From [XKCD](https://xkcd.com/2118/)
![](https://imgs.xkcd.com/comics/normal_distribution.png)

### Generating Random Normal Values

+ Another important skill when working with random variables is the ability to generate random values from $X\sim N(\mu, sigma)$. As was the case for the binomial, we have several different options, using NumPy or SciPy:


In [None]:
# Normal variable parameters

mu = 10
sigma = 2

# Number of generated randm values

N = 25

# NumPy legacy code
np.random.seed(2022)
print("Numpy legacy \n") 
print(np.random.normal(loc = mu, scale = sigma, size = N))
print("--" * 12, "\n")
# NumPy current version
print("Numpy current version \n") 
print(np.random.default_rng(2022).normal(loc = mu, scale = sigma, size = N))
print("--" * 12, "\n")
# Scipy
print("SciPy \n") 
print(stats.norm(loc = mu, scale = sigma).rvs(size = N))
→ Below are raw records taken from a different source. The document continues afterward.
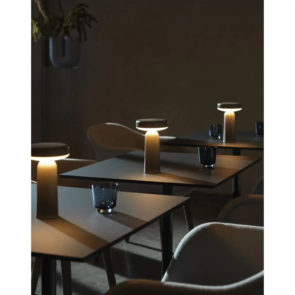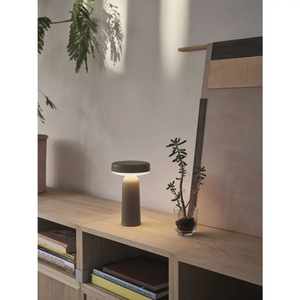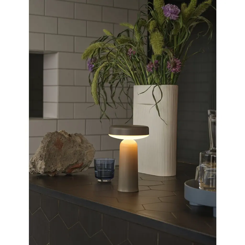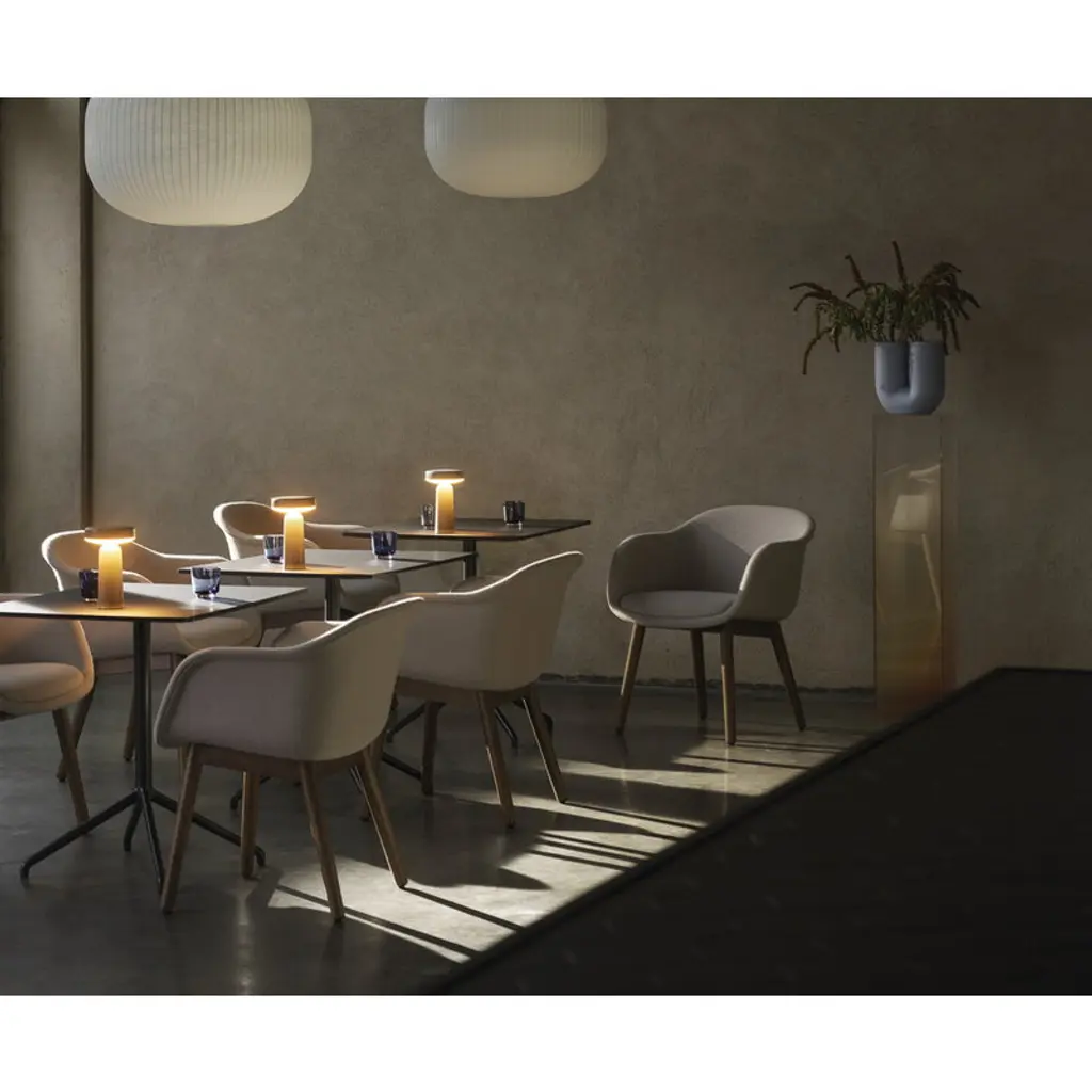 Muuto's portable Ease lamp can be carried wherever you decide to go. Designed by Johan van Hengel, the table lamp is influenced by traditional table lamps with an elegant and simple design that is now combined with modern technology. The cordless Ease lamp has a USB rechargeable battery that provides up to 8 hours of light with the setting 100%. A three-position dimmer makes it easy to adjust the level of light to suit your needs, in every possible space and situation. The portable Ease lamp has an IP54 rating ensuring that you can take the luminaire outdoors, as well. The atmospheric, glare-free light is perfect for illuminating garden parties after dark, but Ease also finds a place inside the home as a bedside reading lamp, a mood light in the living room or even in the hallway as a handy extra light.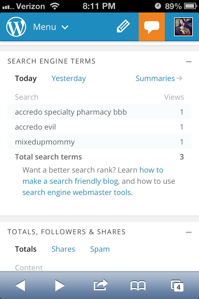 Comment 3: My comment still won’t show on your latest blog post about having to walk a few extra feet with the whole handicap thing. Your express scripts post disgusted me, and I don’t even work for them, I work for Caremark in Monroeville PA and I take calls all day from people like you. Except they say “I wish our insurance didn’t switch to your company, Express Scripts was so much better. Yet you publicly said that going to Caremark was a saving grace or whatever it is you said. So which is it? None of you get it, some do, but most don’t. And you, mommy, need to post or approve my reply because this is a public blog and people need to know the truth about your fraudulent claims. I will keep bothering you until I get a reply. phasedance@gmx.com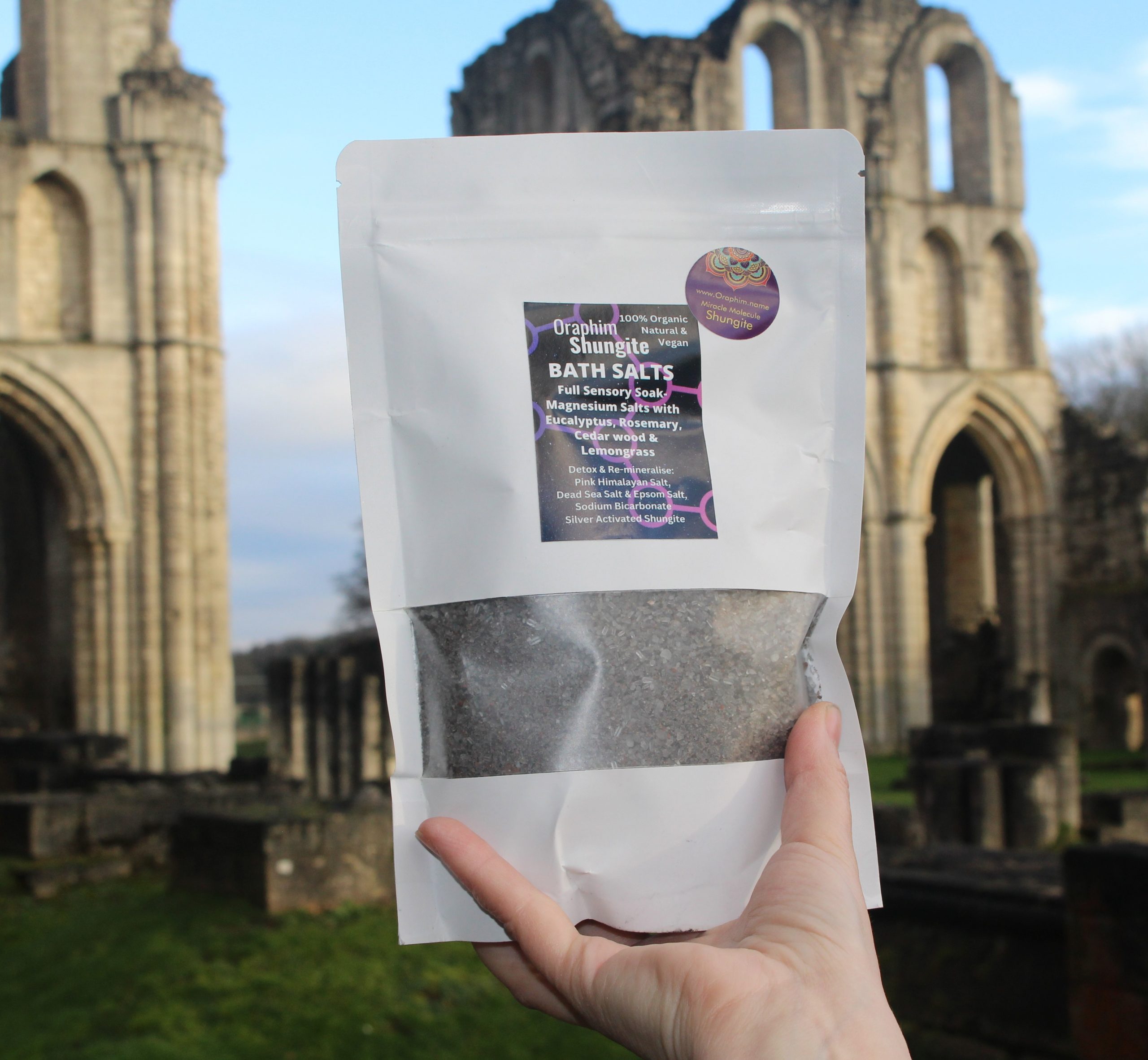 SHUNGITE BATH SALTS- Sensory Soak- Magnesium salts with Eucalyptus, Rosemary, Cedar wood & Lemongrass 100% Organic Vegan Natural Healing

+ **Exercise:** recall that in a previous exercise we generated and plotted a million points uniformly distributed in the square $[-1, 1]\times[-1, 1]$. Repeat that code again but this time generate only 10000 points. Next, generate 10000 more points $(x, y)$ where both $x$ and $y$ are normal random variables with $\mu = 0, \sigma = 1$. Add this second set of points to the same plot using a different color (hint: use `alpha` to control overplotting). Do you see the difference?

In [None]:
# %load "./exclude/ejercicios/S04-007.py"
## Exercise S04-007

# Let us generate a numpy (N x 2) array of normal random points (x, y) 
# in [-1, 1]x[-1, 1]
N2 = 10000
a = -1
b =  1
XY2 = np.random.default_rng(2022).normal(loc = 0, scale = 0.25, size = (N2, 2))
n = N2
first_n = XY[0:n]

# First plot the first N2 uniform points 
fig, ax = plt.subplots()
sns.set(rc={'figure.figsize':(6, 6)})
ax.set_aspect('equal')
plt.scatter(x = XY[0:n, 0], y = XY[0:n, 1], s = 2, alpha = 0.5)
# then plot the random normal points
getPlot = plt.scatter(x = XY2[0:n, 0], y = XY2[0:n, 1], s = 2, color = "red", alpha = 0.5)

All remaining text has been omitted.